Their design goal was to create a timeless and sophisticated space while preserving the style and as many existing features as they could. But the five-bedroom, five-bath abode was peppered with massive, 22-foot ceilings, two-tone painted tray ceilings, a sunken living room, brown granite, patterned backsplashes and elaborate curlicue iron detailing.

“There were a lot of yellow walls, travertine, ornamental iron railings, stacked stone and Tuscan touches,” says Mary Beth. “We didn’t want to erase all of the Old-World character of the home, but we wanted to give it a fresher, more present-day take on the Mediterranean design style. By streamlining some of the more overly ornate details and adding furnishings and lighting that are a mix of old, new and a few vintage pieces, the home feels elevated but still welcoming and comfortable. It’s European farmhouse meets California casual, and it feels distinctly like it belongs in California.”

Collaborating closely with the couple on ideas and desires while adhering to the overall project budget, Mary Beth implemented a design plan including salvaging existing walnut floors with help from Belmax Floor Company (which matched them to the bedrooms upstairs in a custom stain); updating the kitchen with new paint, pendant lamps and backsplash; and replacing stacked river stone with plaster for the dual-sided fireplace in the living room. Other modifications with help from general contractor Titan & Co. included gutting all bathrooms, removing excess crown molding in the primary bedroom tray ceiling, and creating a home office with custom built-ins by Coastal Cabinets featuring an intentional gap allotted for a bed for easy conversion into a sleeping space.

But one of the biggest challenges was the sunken living room floor with angled steps and a narrow walkway around the edge. “We positioned the furniture straight as if the room was square, so the angle is much less noticeable now,” explains Mary Beth.

She suggested closing off a dual-sided fireplace on one side to allow for better flow and function. “We brought it down to the floor, replaced the very small original insert with one three times as large, hand-plastered the surround and added a custom iron forged screen,” she adds. “Scale-wise it now holds its own against that superhigh ceiling and grounds the whole space.”

To lighten and brighten the entire home and complement the refreshed walnut floors, Mary Beth selected Benjamin Moore’s warm but crisp White Dove for the walls. In the living room, she selected a large, modern iron Darlana chandelier by Visual Comfort to anchor the space with vintage artwork culled from the Long Beach Antique Market and a custom sofa upholstered in a Rose Tarlow fabric for Perennials.

“The formal living room is our favorite,” says the client. “It is the first room you see when you enter the house. With 22-foot ceilings, the custom fireplace mantel, a large chandelier and beautiful decor, it creates a lasting first impression of our home. It also came together exactly like the renderings that Mary Beth did.”

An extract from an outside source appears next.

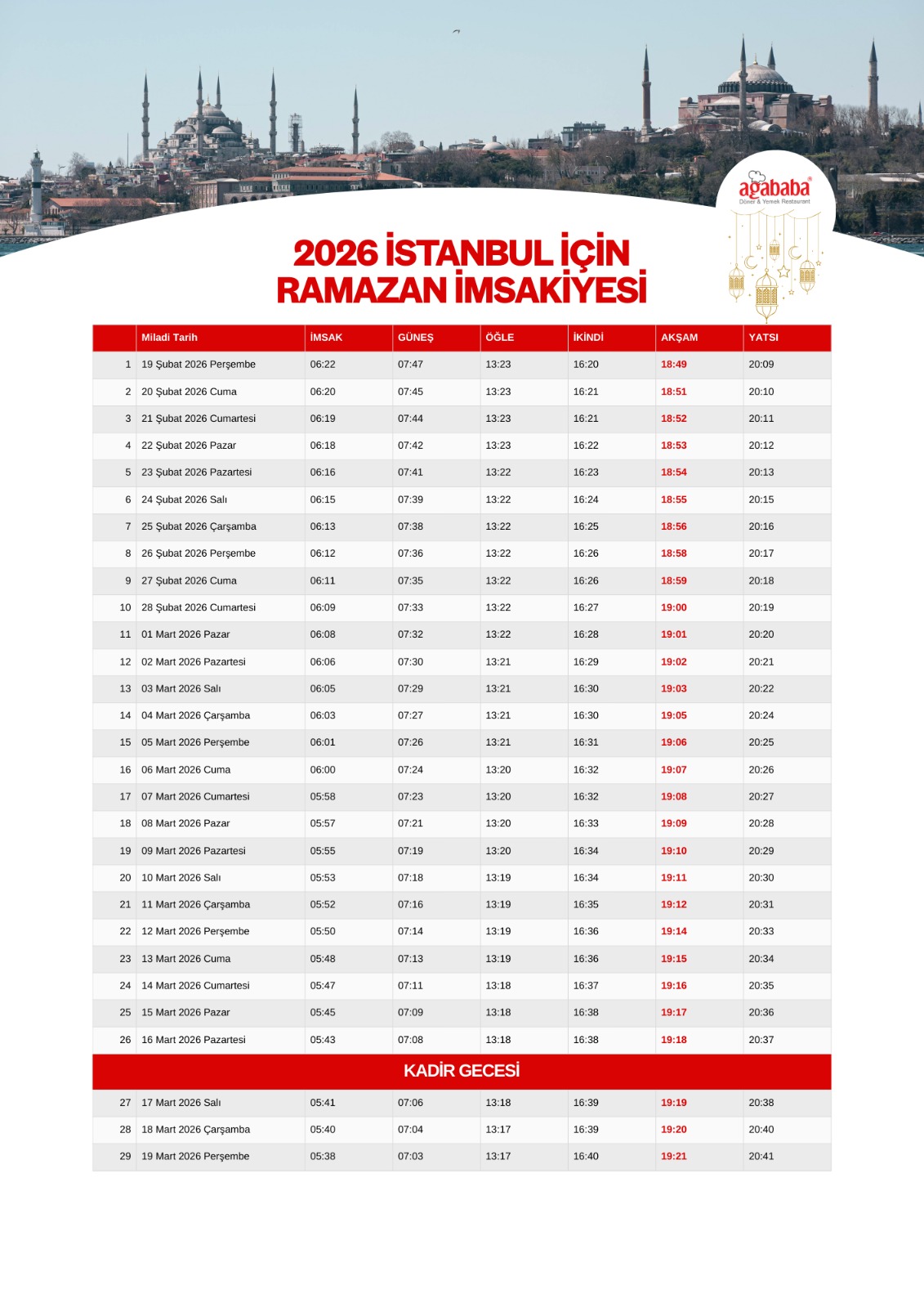 İstanbul İmsakiye 2026 – Dönerin Ağababası – Ağababa Döner
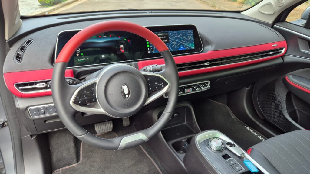 Por dentro, não há mudanças, o Ora 03 GT continua com acabamento escurecido com vermelho, destacando esportividade. O modelo continua com duas amplas telas de 10,25 polegadas cada, sendo uma de painel digital e outra de multimídia, que ganhou conexão do aplicativo My GWM, permitindo mexer em várias funções do veículo.

For the kitchen, simple updates made a big impact. Existing brown cabinets were painted white, the island was painted a smoky green hue, and a brown-and-green patterned backsplash was removed and replaced with a bright white Riad zellige tile by Harmony. A pair of pendant lamps by Visual Comfort defines the island, with woven counter stools by Hati Home.

In the powder room, a playful tiger-patterned wallpaper, Tiger & Magpie in hunter from Krane Home, creates a statement—with sconces by Kelly Wearstler. “They wanted this powder room to be a jewel box,” says Mary Beth. “I love that it feels like its own unique space but still works with the rest of the home.”

Following the yearlong project, the Siddharthas—who recently welcomed a new baby—now feel completely settled in the space with their labradoodle, Beaujolais. “We love being able to live in what feels like a brand-new home,” they say. “It is elevated but also easy and livable, filled with little touches that we had the opportunity to influence.”

Mary Beth is also pleased with the final design. “I love that we honored the architectural intent of the home and didn’t just strip it down to a clean white box,” she says. “By keeping some of the original details intact but simplifying and/or removing others, I think we achieved a nice balance of making the home more modern but still keeping a lot of its charm and personality.”